Défendre DPC contre les réclamations en matière de coûts et d’accès
Gunther repousse. Elle dit que le coût n’est pas un obstacle. La plupart de ses patients bénéficient d’une assurance complémentaire. Certains l’obtiennent par l’intermédiaire de leurs employeurs. D’autres utilisent Medicare ou Medicaid.
Elle pense que DPC permet d’économiser de l’argent. Pas juste un peu. Des milliers. Peut-être des dizaines de milliers.
Regardez les économies sur les ordonnances. Un patient avait un excellent plan d’employeur. Je payais toujours 10 $ par mois pour chacun des six médicaments génériques. Gunther dirige une pharmacie générique en gros. Elle a économisé à ce patient 550 $ par an en médicaments. Cela couvre presque l’abonnement annuel DPC.
Ensuite, il y a l’efficacité clinique. Un patient est arrivé avec un problème orthopédique. L’infirmière praticienne de Gunther a repéré une lésion cutanée précancéreuse. Ils l’ont retiré lors de la visite suivante. La facture était de 85 $. Si Gunther avait été au bureau, cela aurait été le jour même.
Comparez cela aux soins traditionnels. Un médecin de soins primaires facturé par une assurance aurait besoin d’une référence. Vous attendez des semaines pour un rendez-vous avec un dermatologue. Vous payez des centaines de frais de chirurgie et de pathologie.
George affirme que les documents du DPC violent leur serment d’Hippocrate. Il dit qu’ils laissent derrière eux des centaines de patients.
Gunther n’est pas d’accord. Elle affirme que bon nombre de ces patients venaient rarement. Ils avaient plutôt recours aux soins d’urgence. C’est une pratique acceptée. De toute façon, elle ne faisait pas le travail qu’elle voulait faire.
Les soins primaires directs conviennent-ils aux familles à faible revenu ?

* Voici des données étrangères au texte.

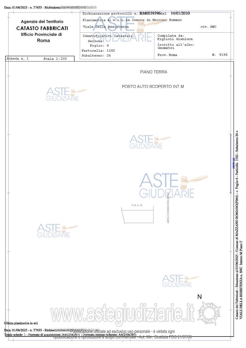 Vendita all'asta Senza incanto, con gara telematica asincrona - LOTTO 1: Bene n. 1:Quota 1/1 del diritto di proprietà di un’abitazione ubicata a Mazzano Romano (RM)in Via Capomandro n.10, PT int. 2, composto da soggiorno con angolo cottura, n. 2 camere, bagno, disimpegno con una superficie con una superficie di mq 64,50 e corti esclusive di mq 65.00; Bene n 2: Bene n 2:Quota 1/1 del diritto di proprietà di un posto auto scoperto ubicato a Mazzano Romano (RM)- Via Capomandro, 10. Prezzo base € 43.600,00 (offerta minima € 32.700,00). Data inizio operazioni di vendita: 30/06/2026 ore 15:00. Giudice: Francesco Lupia.

Gunther souhaite un changement sociétal. Nous devons repenser la charge de travail des patients. Les écoles publiques ont des limites quant à la taille des classes. Pourquoi pas la médecine ?

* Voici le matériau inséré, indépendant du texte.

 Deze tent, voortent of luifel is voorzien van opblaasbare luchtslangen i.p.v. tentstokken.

“Si vous prenez soin de quelqu’un à plein temps de la manière la plus authentique possible, où est le nombre de médecins qui sont complets ?” demande-t-elle.
Elle ne parle pas au nom de tous les médecins du DPC. Mais elle rejette l’idée selon laquelle le DPC ne sert que les personnes riches et en bonne santé. Elle nie également le mythe selon lequel ces médecins gagnent beaucoup d’argent tout en voyant moins de patients.

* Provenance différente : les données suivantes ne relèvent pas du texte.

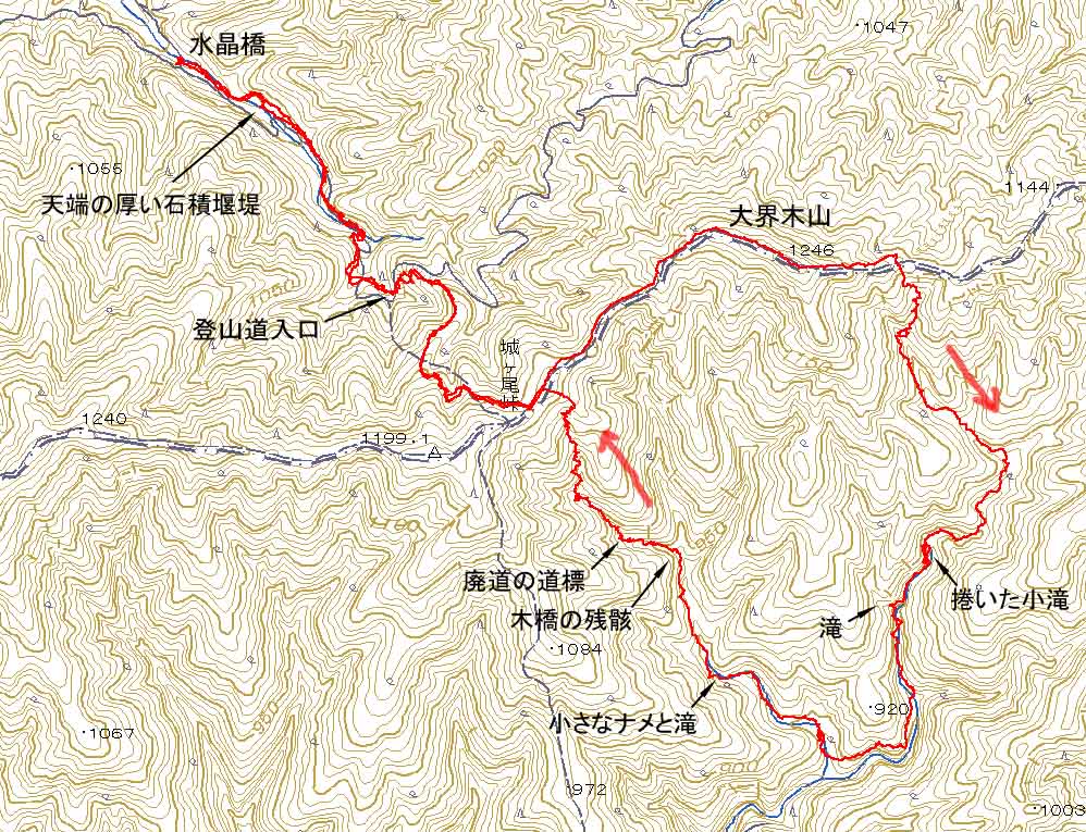 当日は水晶橋から城ヶ尾峠を経て大界木山を少し越え、戸沢を下りて

La plupart ne gagnent plus ce qu’ils gagnaient auparavant. Certains gagnent le double de leur salaire antérieur. La plupart gagnent moins de 100 000 $. Ce n’est pas compétitif pour un entrepreneur ou un médecin. Mais ils échangent leur salaire contre de l’autonomie. Ils veulent pratiquer comme ils le souhaitent.
George ne s’en prend pas aux médecins du DPC. Il veut des données. Au cours de l’année qui a suivi sa critique du modèle dans le JAMA, aucune étude DPC évaluée par des pairs n’a été publiée.
“Je vais manger mes mots”, dit George. “Si votre modèle montre qu’il est bénéfique pour les médecins, bénéfique pour les patients, que vous réduisez les coûts des soins de santé et qu’il n’y a pas d’iniquité sociale, alors je ravalerai mes paroles. Mais prouvez-le!”
Couverture alternative pour les patients DPC
Un nombre croissant de patients de Gunther évitent l’assurance conventionnelle. Ils rejoignent les ministères de partage des soins de santé. Ce sont des organisations chrétiennes privées. Les croyants mettent en commun leurs ressources. Ils offrent une couverture santé à moindre coût. C’est une solution de niche. Mais cela met en évidence la flexibilité que certains patients recherchent en dehors des systèmes traditionnels.